Optimus tilts his head to the side, thinking. The sun beats down on the house; cicadas sing and the wooden patio creaks as two of the nymphs play among Tessa's pot plants.
“It may be helpful to give them a thorough wash,” Optimus says eventually. “We flew through a raincloud or two on the way here, but their internals are still full of dirt and mud.”
Cade chuckles. “I doubt they'll be staying clean for long, playing the way they are. Gimme a couple of hours, Optimus; I'll see what I can do.”
That evening there's a rented swimming pool in the barn.
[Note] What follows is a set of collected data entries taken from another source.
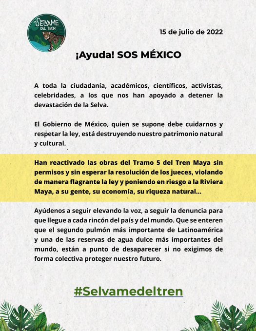 Han reactivado las obras del Tramo 5 del Tren Maya sin permisos y sin esperar la resolución de los jueces, violando de manera flagrante la ley y poniendo en riesgo a la Riviera Maya, a su gente, su economía, su riqueza natural…
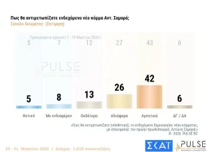 H ΝΔ φτάνει περίπου στο 31% και έχει διαφορά 16,5 μονάδες από το δεύτερο κόμμα σύμφωνα με την νέα δημοσκόπηση της Pulse για λογαριασμό του ΣΚΑΪ.
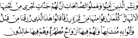 1 İmân edenler ve güzel işler yapanları müjdele: Altlarından ırmaklar akan Cennetler onlarındır. O Cennetlerden rızık olarak bir meyve yediklerinde, "Bu daha önce yediğimiz rızıktandır" derler. Rızıkları dünyadakine benzer şekilde kendilerine sunulur. Orada onlar için ter temiz eşler vardır. Onlar orada ebedî olarak kalacaklardır. (Bakara Sûresi: 25.)
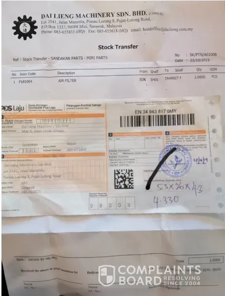 Reporting that unfortunate during goods arrive our Miri Sarawak Warehouse boxes badly damaged. It maybe exposure to rain / water. We highlight to Pos Laju Malaysia kindly delivery materials in good condition in next time. We hope this complaint will help you to improve the service.
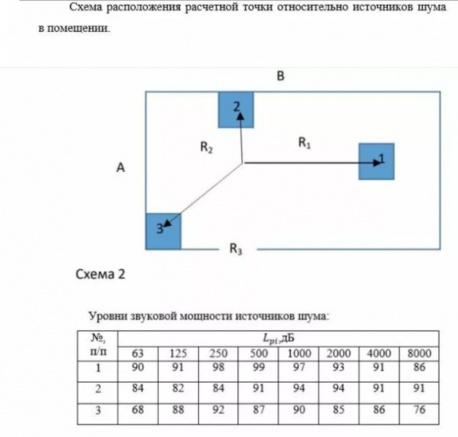 Определить УЗД (уровни звукового давления) в расчетной точке при заданных уровнях звуковой мощности источников (Lр=f(fcr)) (источники ненаправленные), указанном расположении расчетной точки относительно источников шума, габаритных размерах промышленного помещения. Максимальный габарит любого источника много меньше расстояния до расчетной точки. Полученные данные сравнить с нормативными значениями (СП 51.13330.2011). Построить расчетный и предельный спектры. Сделать выводы о необходимости защитных мероприятий. Предложить защитные мероприятия.
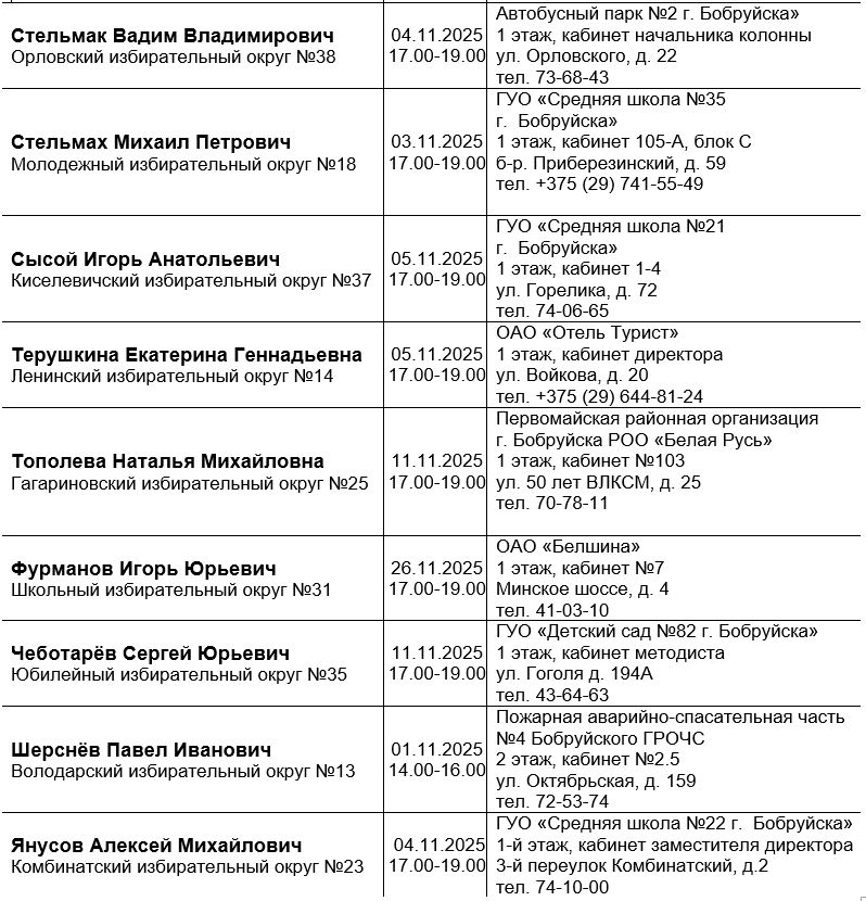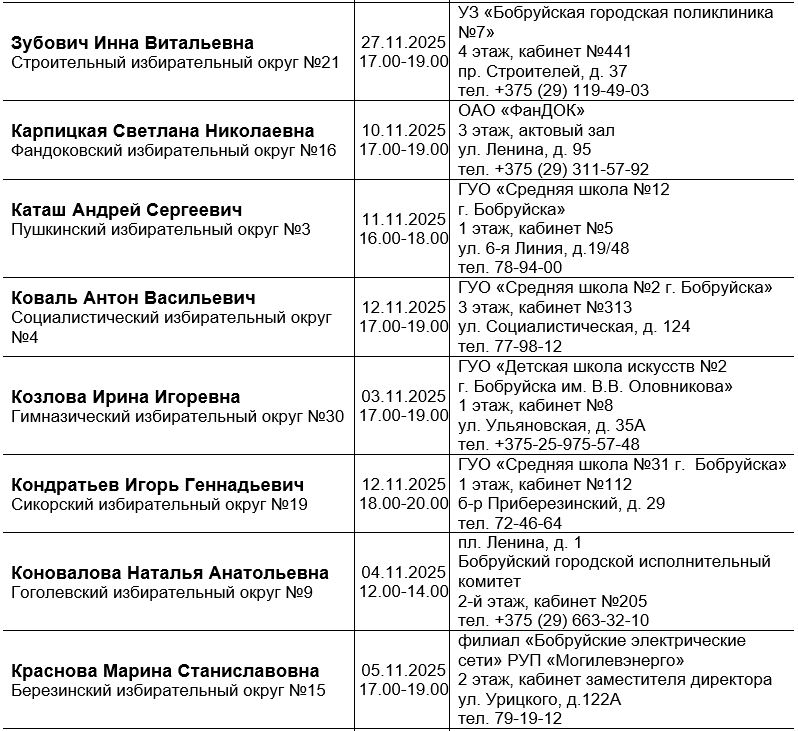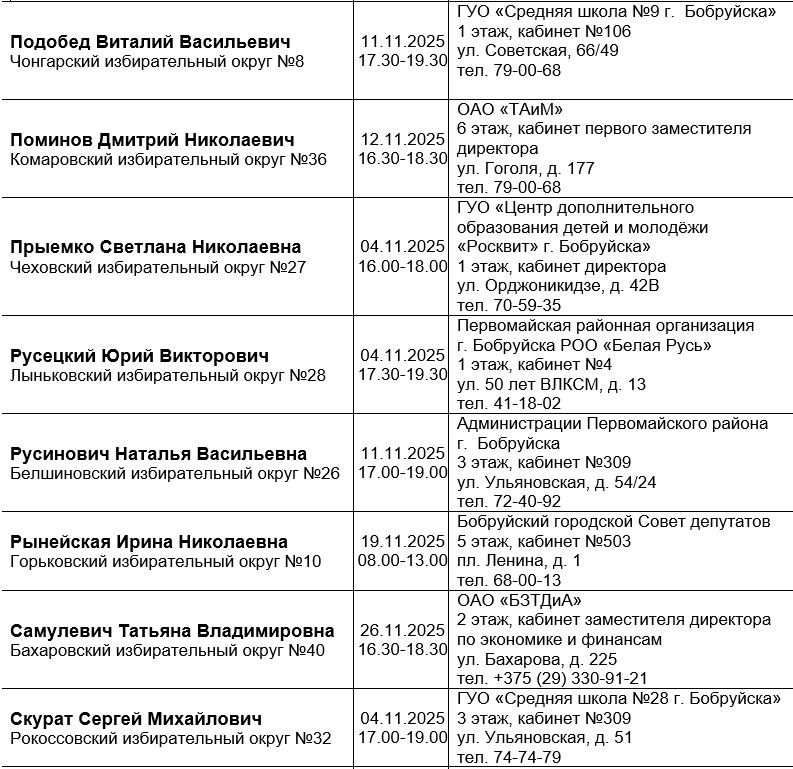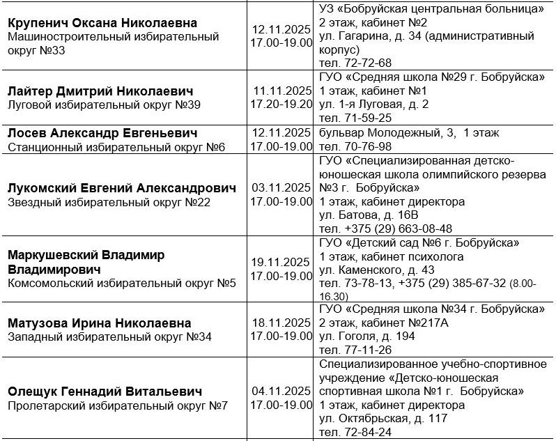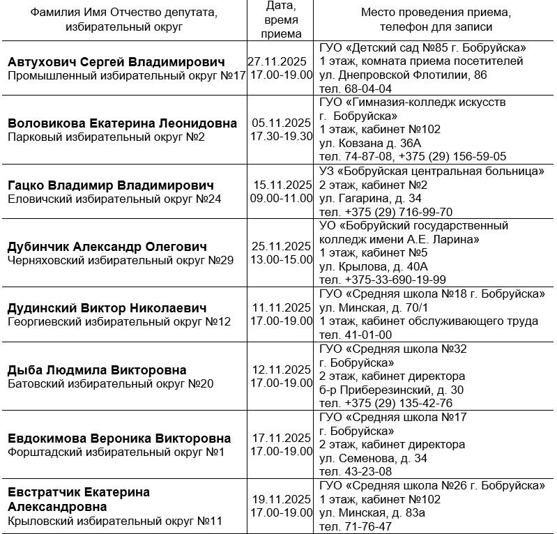 29 октября 2025 График проведения личных приемов граждан и юридических лиц депутатами Бобруйского городского Совета депутатов 29 созыва на ноябрь 2025 года.

All important things have been shifted out onto the lawn, hopefully out of splash range. There's less of it than there ought to be; the nymphs have already trashed the ride-on lawnmower, the Guard Dog Mk.II, the work-in-progress server droid and a whole basket of the neighbours' fixer-uppers.
Cade can't even be angry at them. He tries his best, but they're just babies, and something about that knowledge takes the bark right out of his attempts.
The new garage is about the same size as the old one. Drift and Bumblebee fit with no problems, but Optimus has to crouch somewhat to avoid knocking his head on the rafters. The nymphs gather at his feet, peering suspiciously out from behind his calves.
Cade splashes the pool invitingly. The two closest hiss and draw back; the ones behind them simply stare.
Cats. Ginormous kittens, rather. You'd think they'd never seen water before.
“I was hoping they might get in of their own accord,” Optimus sighs.
“Put one in and wait for the rest to follow,” Cade suggests. It works with cattle – why not baby robots?
Optimus gives him a considering look. He gently scoops up the closest nymph, thumb around the shoulders and fingers across the midriff, and dangles its feet into the water.
The nymph screeches and splashes. Optimus hurriedly draws it away – the big softie – but it occurs to Cade that the bitlet hadn't been trying to get away that hard.
“Hey, Optimus, I think he just needs a bit of time to adjust.”
Optimus looks from him to the no-longer squalling nymph in his hands. Finally, with a resigned vent, he lowers the nymph into the pool again. The screeches begin again, but quickly die down into soft, continuous warbling. The nymph splashes experimentally. The pool is only half-full; it can stand on the bottom and have its head and shoulders above the surface.
Before long, it makes a long, rolling cheep. The waiting nymphs reply with sharp staccato chatter, and mass forward, each pushing to get in before their siblings.
Cade laughs softly as Optimus and Drift ferry the rest in one by one.
The water in the pool is mud-coloured by the time all nineteen have been scrubbed and rinsed. Cade is soaked to the skin, and has never more envied the Autobots their quick-drying metal natures.
He wraps the last of the cheap store-bought towels around the shoulders of the last nymph out of the pool. Batman stares sternly out at the world as it runs off, joining the flotilla of its Disney Princess- and assorted superhero-clad siblings in the front yard.
There's a fight breaking out; apparently the Dr. Jumba Jookiba towel given to the first cleaned nymph has become a status symbol.
Cade shakes his head and looks at Optimus. “You might have gotten yourself into some trouble.”
There's a significant pause before Optimus answers. “I find myself much impressed that you have managed to raise your own offspring to adulthood, if Tessa was anything like these as a child.”
Cade laughs outright at that. “That's why we humans don't have twenty at a time.”